State Security: The state file contains plaintext copies of all resource attributes, including passwords, private keys, and connection strings. Always encrypt your remote backend (S3: encrypt = true), restrict IAM access to the state bucket, and never commit *.tfstate to version control.

📦

Modules

Reusable, composable infrastructure components

Modules are directories of .tf files that encapsulate a logical unit of infrastructure (a VPC, an ECS cluster, a monitoring stack). They accept inputs (variables), create resources, and expose outputs. Modules enable DRY infrastructure: write once, instantiate many times across environments.

hcl — calling a module

# ── module block syntax ──
# source can be: local path, Terraform Registry, Git URL, S3

# Local module
module "vpc" {
  source = "./modules/vpc"     # relative path to module directory

  # Pass values to the module's variables
  vpc_cidr             = "10.0.0.0/16"
  availability_zones   = ["us-east-1a", "us-east-1b"]
  environment          = var.environment
}

# Public Terraform Registry module (hashicorp/terraform-aws-modules)
module "rds" {
  source  = "terraform-aws-modules/rds/aws"
  version = "~> 6.0"             # always pin module versions!

  identifier            = "my-app-db"
  engine                = "postgres"
  engine_version        = "15"
  instance_class        = "db.t3.micro"
  allocated_storage     = 20
  db_subnet_group_name  = module.vpc.db_subnet_group_name
  vpc_security_group_ids = [module.vpc.database_sg_id]
}

# Git-sourced module — pin to a tag for stability
module "monitoring" {
  source = "git::https://github.com/my-org/tf-modules.git//monitoring?ref=v2.3.1"
}

# Access module outputs with module.name.output_name
resource "aws_route53_record" "app" {
  name = "app.example.com"
  records = [module.vpc.nat_gateway_ip]   # ← module output
}

🗂️

Workspaces

Multiple state files from one configuration directory

Workspaces allow you to have multiple independent state files for the same configuration — one per environment.

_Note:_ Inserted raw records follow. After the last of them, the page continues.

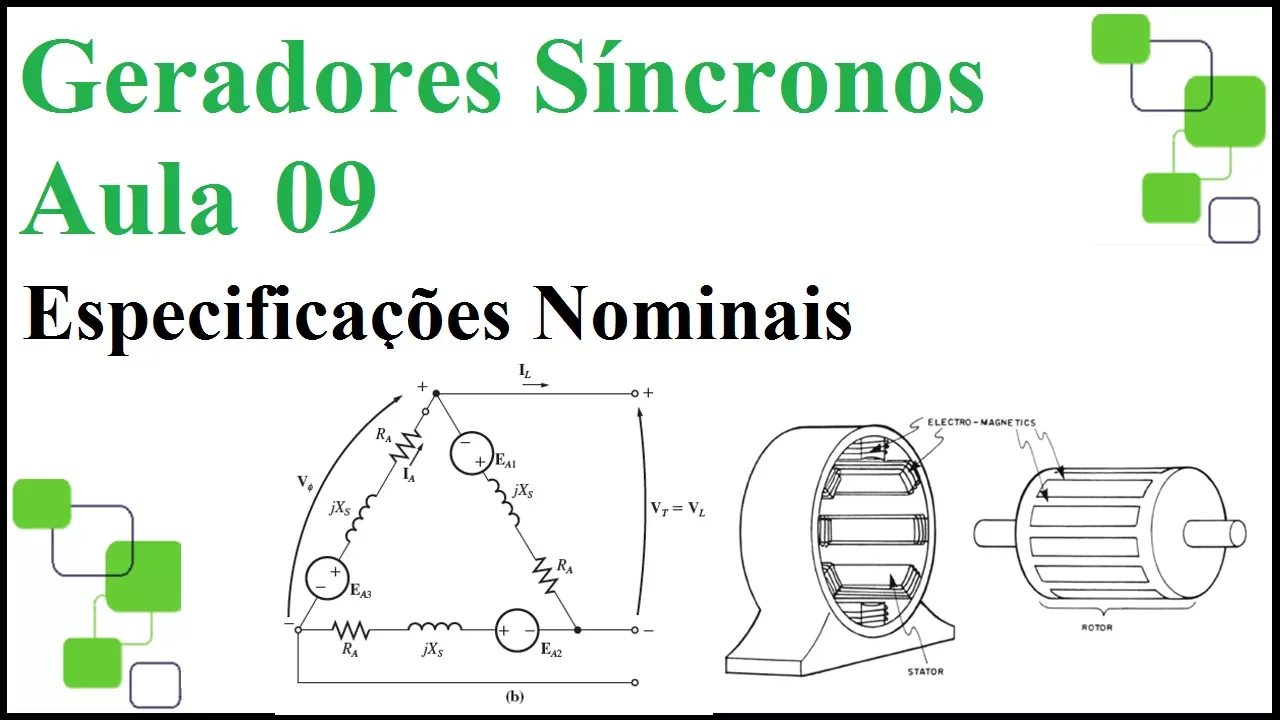 bom então hoje a gente vai ver a parte aí das especificações nominais tá desses geradores síncronos e aqui nesse primeiro slide aqui eu tenho o as principais especificações ali que tu vai ter na hora de de definir ali né o teu gerador síncrono para tua aplicação basicamente essas especificações elas vão estabelecer os limites operacionais da máquina né de modo a proteger essa máquina aí contra quaisquer quaisquer danos ali né PR gente não não exceder esses limites operacion mais ali para a máquina operar Nas condições corretas né então a gente tem aqui a a gente pode
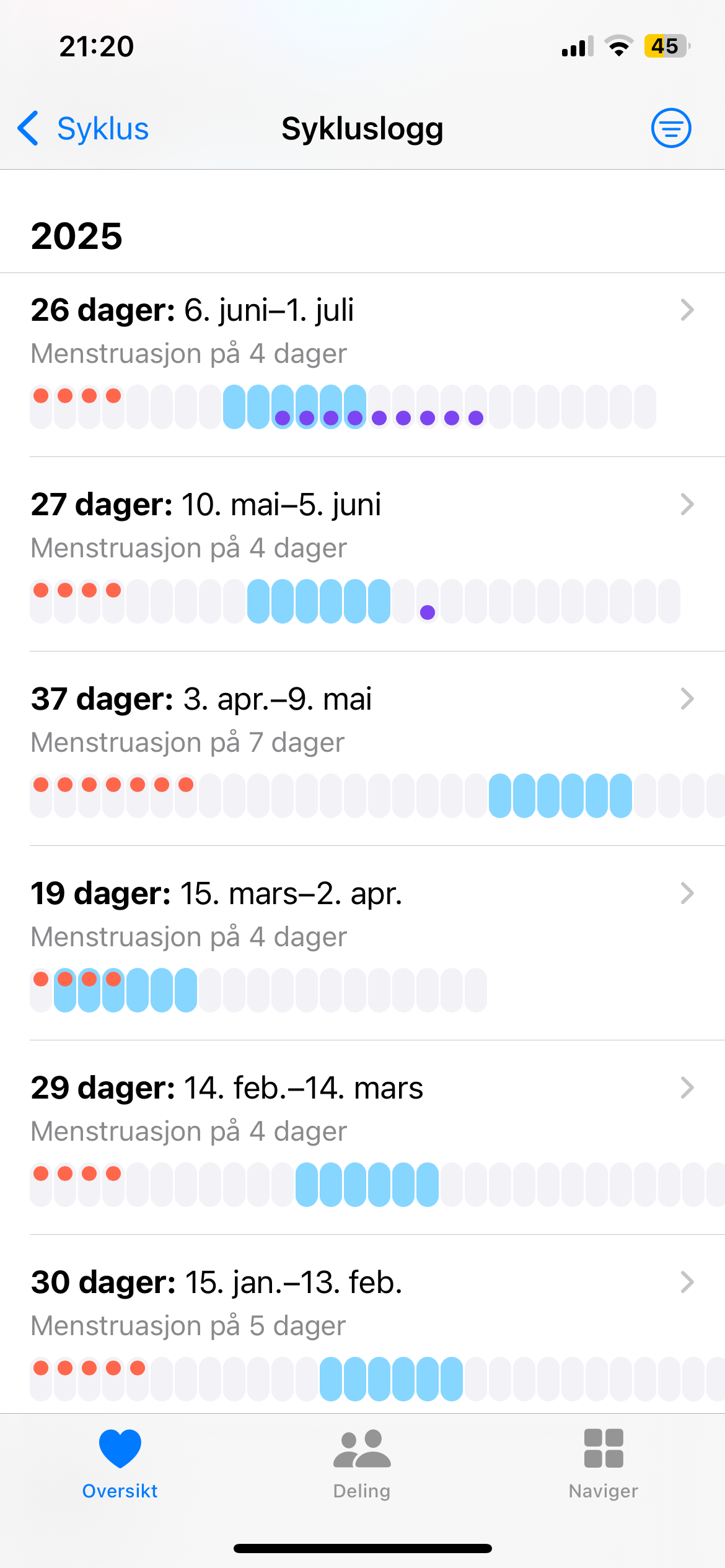 Her er syklusene mine i år frem til pilleslutt. Lilla prikker er samleie eller mellomblødning. Røde prikker er «mensen». Alt dette på pillen som heter Slinda.
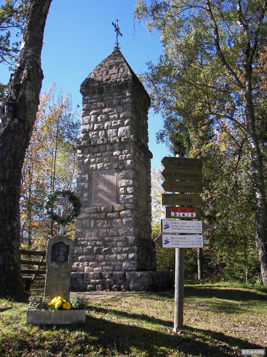Vom Parkplatz unterhalb der Kirche in Lohberg folgen wir dem blauen S des Goldsteigs über die St2154 an der Tourist Information vorbei zu einem Wanderwegweiser. Hier biegen wir mit der Markierung Lo5 links in die Schulstraße. Am nächsten Wegweiser biegt Variante 1 links ab, wir aber gehen geradeaus weiter einen Waldweg hinab über den Perlesbach. Dann steigt der Weg hinauf zu einem Kriegerdenkmal mit Rastbänken und Blick zum Großen Arber.
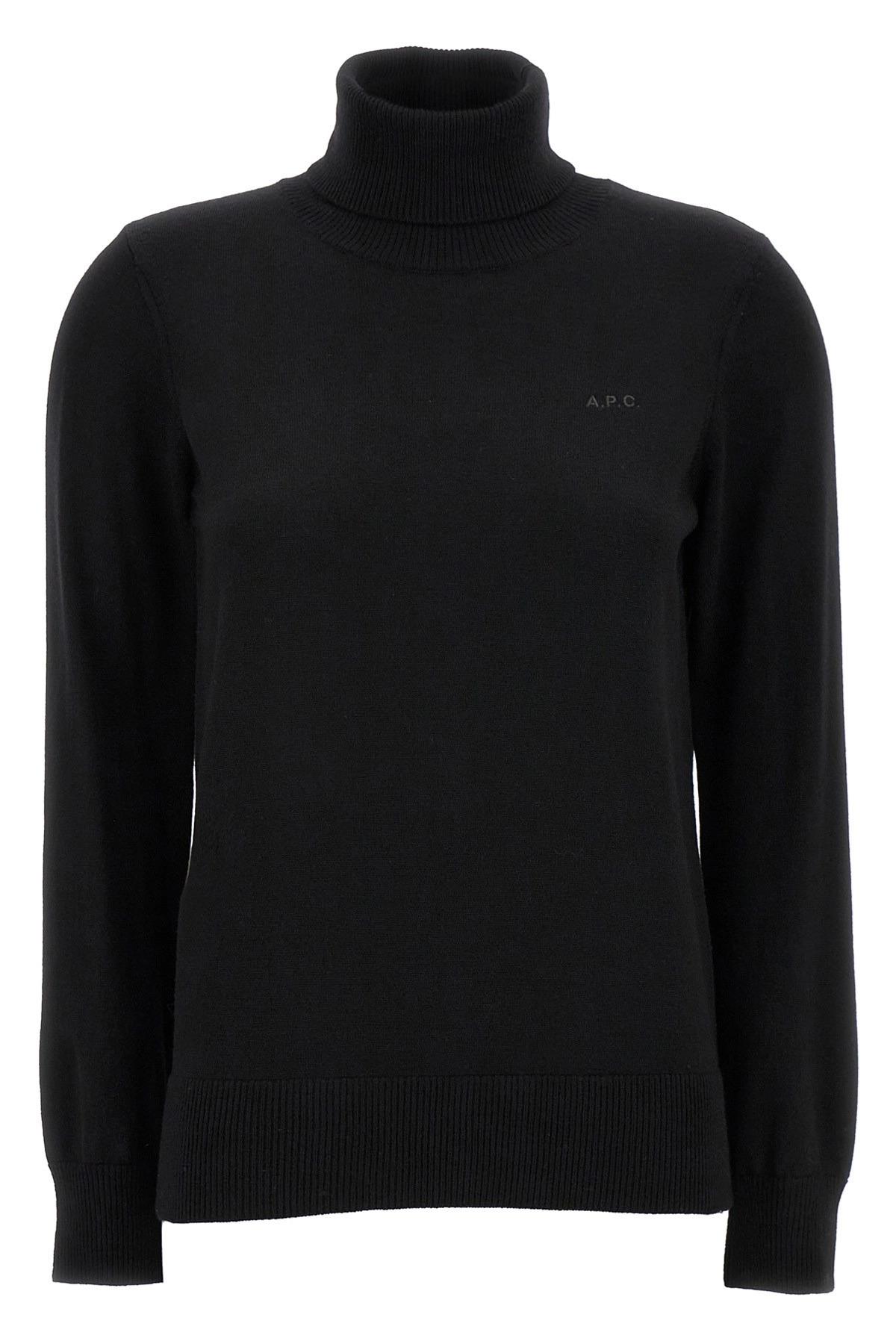 cod. WVAWMF23322LZZ 'Sybille' wool sweater with high neck, tone-on-tone front logo embroidery, long cuffed sleeves. Color: Black Size & Fit: true to size fit Composition: 100% wool
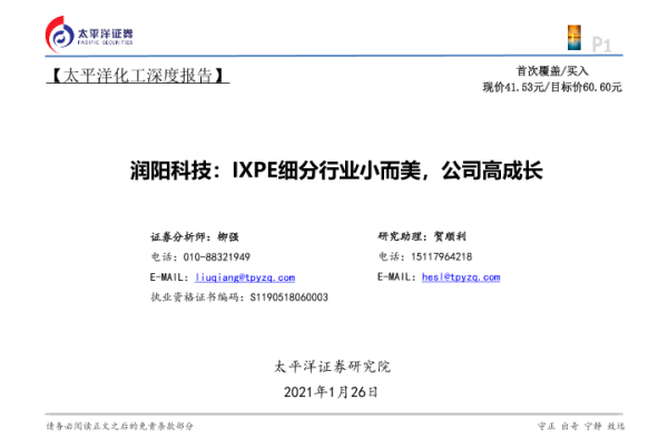 【太平洋证券】【20210126】润阳科技:IXPE细分行业小而美,公司高成长-28页 行业研究
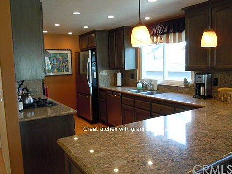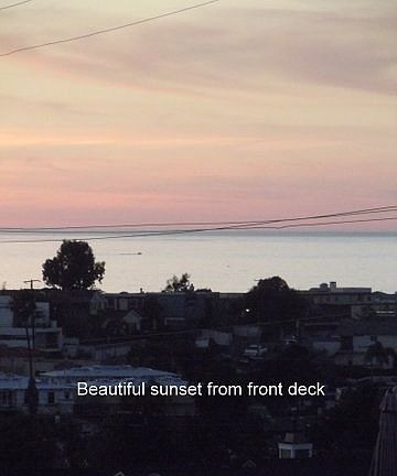 Enjoy beautiful ocean and sunset views from this remodeled and upgraded great family home of over 2150 sf located west of PCH on low traffic, "no through" street. Lovely stone planters and tiled wall lead the way to a double door entry, travertine floor first level with two bedrooms, full bath, built-in cabinetry in hallway, and French doors to large patio and back yard with mature landscaping. Top floor features open, spacious living areas, Bay window and built-in seating, high pitched vaulted beamed ceiling, hardwood floors, brick fireplace, and front deck. The kitchen/dining area is perfect for gatherings of any size, and kitchen features granite counters, generous cabinetry space and adjacent walk-in pantry. The powder room off the hall has a gorgeous stone wall, decorator vanity and skylight. There is a spa-like master bath featuring Italian tile wall, soaking tub, double sink vanity, separate shower and skylight in a spacious master suite with walk-in closet, ancillary clothes closet, Marble surround fireplace, and French doors to large ocean view Trex deck. Other features include decorator lighting and custom shutters. Walk the dog, jog, or stroll on nearby "chip trail" and enjoy nearby Hermosa Valley Park. A great find in the Hermosa Hills
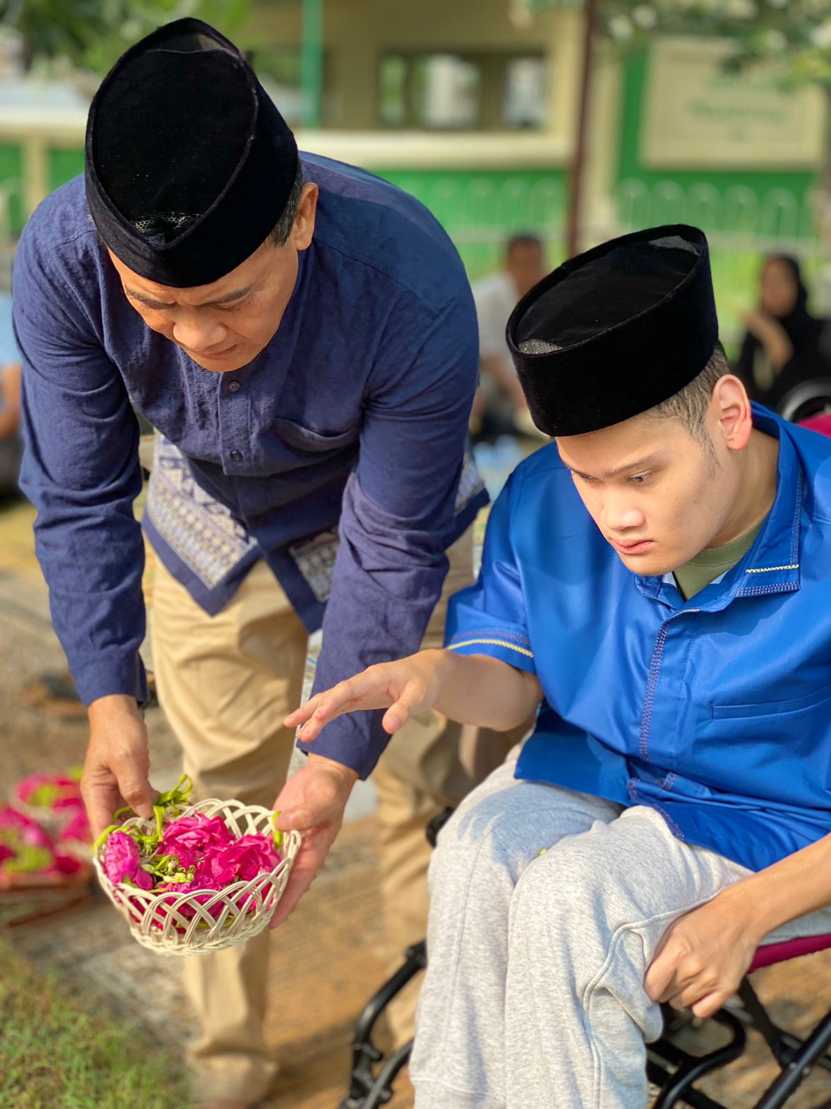 Sesampainya di lokasi, mereka langsung memanjatkan doa dan membaca surat Yasin. Luthfi terlihat sangat khusyuk membaca surat Yasin tersebut sambil sesekali melihat anaknya yang duduk di kursi roda.

Each workspace is isolated: terraform apply in dev workspace only changes dev resources.

bash — workspace commands

# List available workspaces (* = current)
terraform workspace list
# * default
#   dev
#   staging
#   prod

# Create and switch to a new workspace
terraform workspace new staging
terraform workspace select prod

# Current workspace name is available in HCL as terraform.workspace
# Use it to vary configuration per environment:

hcl — using terraform.workspace in config

locals {
  # Look up settings from a map keyed by workspace name
  env_config = {
    dev = {
      instance_type   = "t3.micro"
      min_capacity    = 1
      max_capacity    = 2
      multi_az        = false
    }
    prod = {
      instance_type   = "t3.large"
      min_capacity    = 3
      max_capacity    = 10
      multi_az        = true
    }
  }

  # terraform.workspace is a built-in string — "dev", "prod", etc.
  config = local.env_config[terraform.workspace]
}

resource "aws_instance" "app" {
  instance_type = local.config.instance_type
}

💡

Workspaces vs. separate directories: For small teams, workspaces work well. For larger organisations, many teams prefer separate directory structures per environment (envs/dev/, envs/prod/) for stronger isolation and explicit per-environment configuration. Both are valid patterns.

💻

Core CLI Commands

The complete Terraform command reference

Command	Description	Common Flags
terraform init	Initialise working directory — downloads providers, configures backend	`-upgrade` update providers · `-reconfigure` reinitialise backend
terraform validate	Check configuration syntax and internal consistency (no API calls)	`-json` machine-readable output
terraform fmt	Auto-format `.tf` files to canonical HCL style	`-check` exit non-zero if not formatted (CI) · `-recursive`
terraform plan	Compute and show the execution plan (no changes applied)	`-out=plan.tfplan` save plan · `-var-file=prod.tfvars` · `-target=resource`
terraform apply	Apply the plan — make real infrastructure changes	`plan.tfplan` apply saved plan · `-auto-approve` skip confirmation · `-parallelism=10`
terraform destroy	Destroy all resources in state	`-auto-approve` · `-target=resource` destroy specific resource
terraform output	Print output values from state	`-json` structured output · `-raw output_name` single value
terraform state list	List all resources tracked in state	—
terraform state show	Show all attributes of a tracked resource	`aws_instance.web`
terraform import	Import existing infrastructure into state	`resource_address real_resource_id`
terraform taint	Mark resource for replacement on next apply (v1.x: use `-replace` flag instead)	Deprecated — use `apply -replace`
terraform graph	Output dependency graph in DOT format (visualise with Graphviz)	—
terraform console	Interactive REPL for evaluating HCL expressions and functions	—
terraform providers lock	Update the dependency lock file (`.terraform.lock.hcl`)	`-platform=linux_amd64` cross-platform locks

☁️

Sample: AWS Web App Infrastructure

A fully commented, production-style example — VPC, EC2, ALB, RDS, S3

hcl — main.tf (annotated)

# ════════════════════════════════════════════════════
# DATA SOURCES — query existing / external resources
# ════════════════════════════════════════════════════

# Dynamically fetch available AZs in the current region
data "aws_availability_zones" "available" {
  state = "available"
}

# Always resolve the latest Ubuntu LTS AMI rather than hardcoding
data "aws_ami" "ubuntu" {
  most_recent = true
  owners      = ["099720109477"]
  filter {
    name   = "name"
    values = ["ubuntu/images/hvm-ssd/ubuntu-jammy-22.04-amd64-server-*"]
  }
}

# ════════════════════════════════════
# COMPUTED LOCALS
# ════════════════════════════════════

locals {
  name_prefix = "${var.project}-${var.environment}"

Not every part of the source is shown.